(MATERIAL PROVIDED begins)

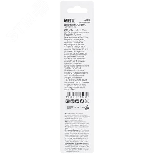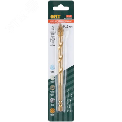 Сверло универсальное, 4 режущие кромки, титановое покрытие, шестигранный U-хвостовик под биту, 12х120 мм
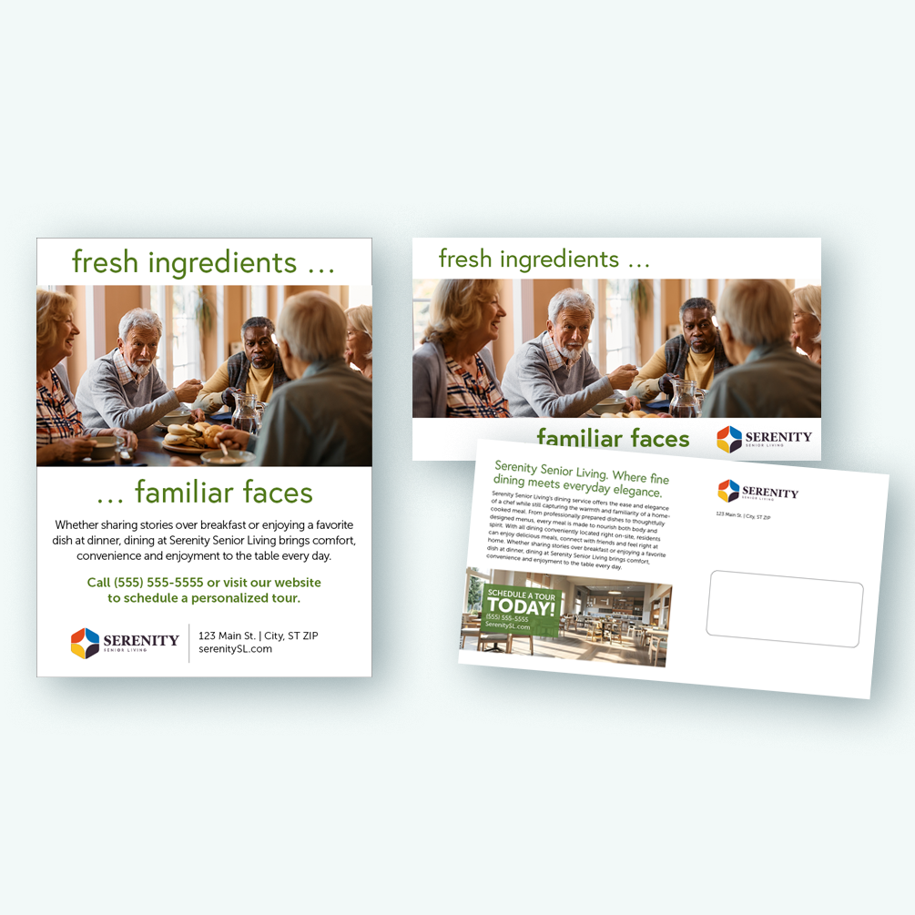 Dining print ad campaign that includes a full-color print ad and oversized postcard design.
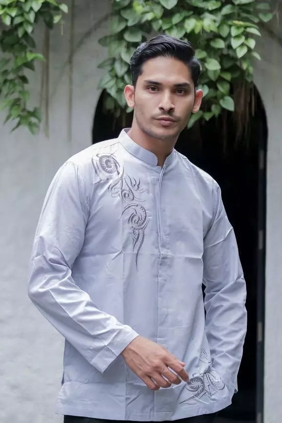 Koko Pria Panjang Bordir A2J12 Abu Muda

(MATERIAL PROVIDED ends)

**WHAT IS NEEDED:** Every line of the listing must be reproduced exactly, though the pictures are to be left out.

**ANSWER BOX:**
 Сверло универсальное, 4 режущие кромки, титановое покрытие, шестигранный U-хвостовик под биту, 12х120 мм
 Dining print ad campaign that includes a full-color print ad and oversized postcard design.
 Koko Pria Panjang Bordir A2J12 Abu Muda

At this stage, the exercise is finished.